В штурвальную рубку — светлую кабину с огромными окнами — Геннадий входил всегда с легким замиранием сердца.

Рубка была командным пунктом: отсюда управляли не только судном, но и плотом.

И как тут не волноваться, когда переступаешь порог рубки!

Побывать в этой небольшой кабине мечтают мальчишки всех поволжских городов и сел. Геннадий же бывал здесь каждый день, а в субботу на прошлой неделе он просидел в рубке полдня, копируя на кальку по заданию капитана один из листов лоцманской карты.

В рубке не было ничего лишнего, здесь все было строго и просто: штурвальное колесо с паровой машинкой, столик с пухлой книгой — лоцманской картой Волги, бинокль на полочке под рукой штурмана, флажки-отмашки и у задней стены — скамейка.

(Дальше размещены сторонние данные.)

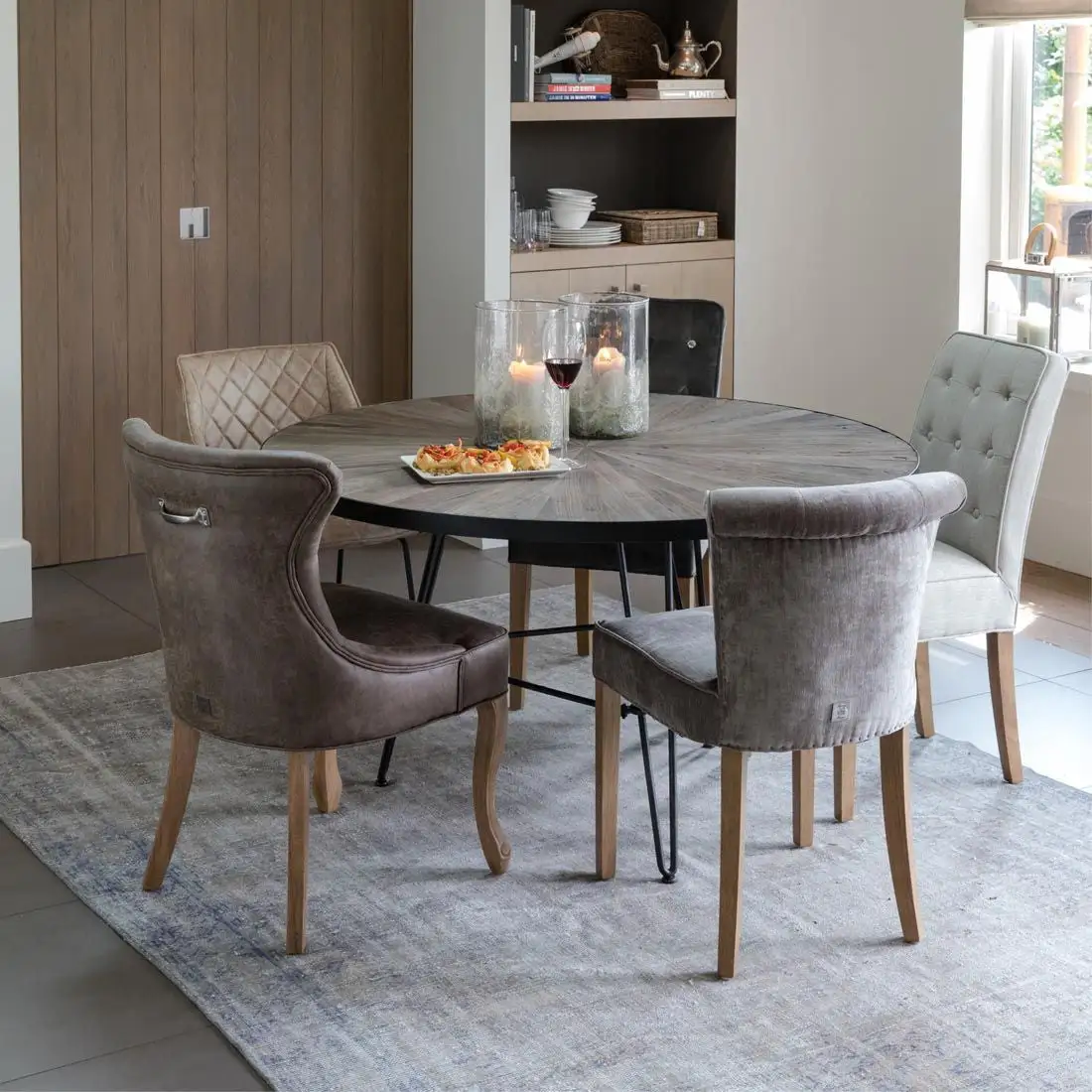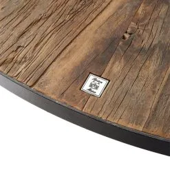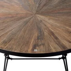 This beautiful, round dinner table is a real eye-catcher in your dining room. The table has an industrial yet warm appearance due to the combination of metal and recycled elm wood. The wood is precisely inlaid by hand as a mosaic, pure craft! Place several chairs around the table and let it form a beautiful whole together.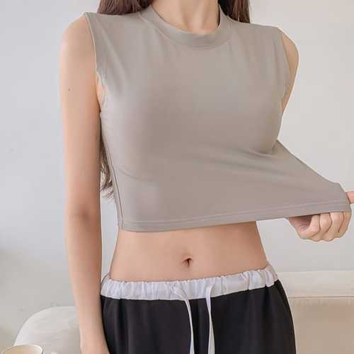 슬림핏 크롭 나시 이너 라운드넥 기능성 탑 에어로쿨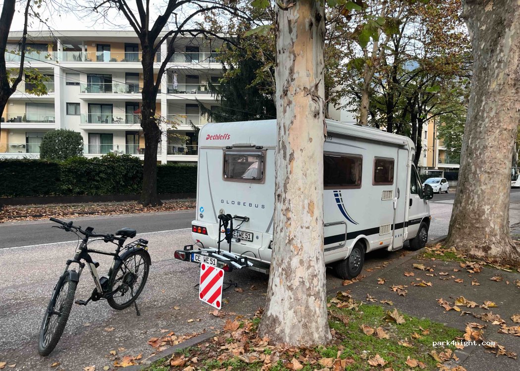 In questa via non ci sono gli stalli per parcheggio auto e non c’è nemmeno la linea bianca continua da cui fuoriesce solitamente lo pneumatico, per questo motivo abbiamo parcheggiato qui senza dare fastidio. Eravamo diversi camper, van e pullman ingombranti. Strada molto illuminata, abitata e con una recinzione militare vicino. A 10 minuti a piedi dal Passirio e dal centro

Сегодня капитан сразу после обеда вызвал практикантов в рубку и поручил им зарисовать участок Волги в пятнадцать километров со всеми береговыми и плавучими обстановочными знаками.

Геннадий любил рисовать и с большой охотой взялся за дело. Закончив работу раньше Юрия, он теперь отдыхал, стоя у раскрытого окна рубки, и глядел на Волгу. Волга напоминала ему широкую степь, в которой затерялась родная Ковылевка. Еще совсем недавно, читая книги о дальних краях, Геннадий досадовал на то, что он родился в маленькой, ничем не приметной степной деревушке с таким простым названием. А сейчас, вспоминая просторные сельские улицы, Геннадий вдруг с грустью вздохнул. Прошло уже десять месяцев и двадцать три дня со времени его отъезда из дому. И захотелось хотя бы на миг взглянуть на родные места, повидаться с матерью, отцом.

Хорошо бы пробежать босиком по заросшей травкой улице из конца в конец! Трава, наверное, такая густая и мягкая, что когда по ней проносится запряженный в тарантас еще не старый меринок, едва касаясь своими быстрыми ногами земли, то почти не слышно стука колес. Хорошо бы ранним утром выбежать за околицу, когда пастух гонит в степь деревенское стадо, окутанное прохладной пылью. А где, кроме степи, можно увидеть, как просыпается июньское солнце? Вначале оно озаряет брызжущими лучами высокое побледневшее небо, еще не налившееся глубокой синевой, а потом, чуть поднявшись над пламенеющим горизонтом, щедро заливает своим теплым ласковым светом степь, только что казавшуюся тусклой и однообразной и вдруг сразу преображенную, ставшую такой цветистой, будто яркий девичий сарафан. А ночные сполохи в конце июля, точно далекие таинственные пожары? Как они тревожаще красивы! На них можно смотреть, не уставая, до рассвета!

— Ты что, Жучков, загрустил? — спросил стоявший у штурвала рулевой Агафонов. — Или не по душе у нас?

— Я… я ничего, — смутился захваченный врасплох Геннадий. Помолчав, он добавил: — Гляжу на Волгу… Какая она широкая! А вот Амур, говорят, еще шире. На Амуре и с курса, пожалуй, в два счета собьешься.